Toward the end of the summer season, a number of employees either get fired or just get burned out and quit since they're looking for some down time before they head back to school. It's not so easy to rehire and train replacement staff at this time since the park will soon be moving to weekend only operation. However, Marriott would supplement the on-stage staff by bringing some of the back-stage staff (clerks, auditors, marketing reps, accountants, managers, etc) into the park to ensure all the rides and most food/merchandise locations were fully staffed...the back stage paperwork had to wait to ensure the on-stage operations kept operating efficiently.

As far as teenage staff members not demonstrating really aggressive positive customer service skills, that is pretty much every employers frustration these days.
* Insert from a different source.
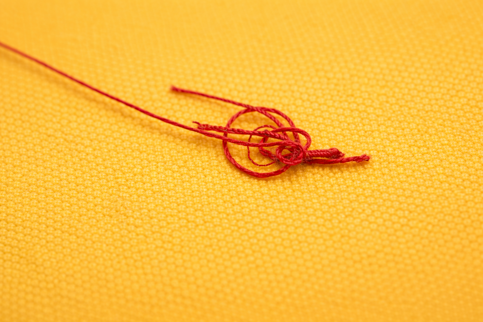 - 針穴に通した糸が、針の溝側に収まっているか見る

It's a very different attitude since the Marriott years. I've recently worked with hundreds of college students and there certainly are many exceptions to this generalized observation. Think of a few of the absolutely exceptional young staff members you've encountered....well, that type of attitude comprised 95% of what the Marriott employees were like. The remaining 5% were slackers who usually ended up quitting quickly because they didn't "fit-in" with the rest of the employees.

As prices go up ($25 for parking, OMG) and customer service levels decline, guests are more inclined to voice their complaints...and unfortunately, Guest Relations is pretty much the Complaint Department for the park. Here's the best advice I can give you to deal with your current frustrations:

1) Listen to the guest's concerns
2) Realize the guest is genuinely upset with the situation (even if their concern seems entirely irrational to a sane rational person...the problem is very real to that guest).
3) Stay collected, offer empathy, and remember that they are voicing their complaint to you and looking for resolution. They are not complaining about you (hopefully).
4) Do whatever you can (within your scope of authority) to assist the guest. If the guest is not satisfied with your explanation/proposed resolution, you might consider asking the guest what/how you could make things better for them (ie, you can't stop it from raining but you could replace the cotton candy that got wet and melted on their shirt...or maybe they don't care about the cotton candy but they'd appreciate a new clean t-shirt)
5) In extending empathy to the guest, explain that you are an hourly Guest Relations staff member and not a member of the senior park management team (many guests seem to think Guest Relations manages the whole park or makes up the unpopular park policies). However, you should be able to give a rational explanation to the guest for why the park has implemented certainly policies. If you don't know the full reason, ask your managers for clarification (i.e. certain ride height restrictions may have changed because the new height restriction is recommended by the ride manufacturer for guest safety and the park needs to enforce it to comply with insurance requirements.)
6) Strongly encourage the guest to file a written complaint...explaining that this is the only way the park's General Manager will see the actual concerns the guest is experiencing...and they may get a more satisfying written response than you can provide (authorized to provide). If the guest is really upset and doesn't appear to be entirely literate or willing to fill out the form, it is appropriate for you to offer to write out their concern including whatever details you can gather from the guest and then have the guest sign the form.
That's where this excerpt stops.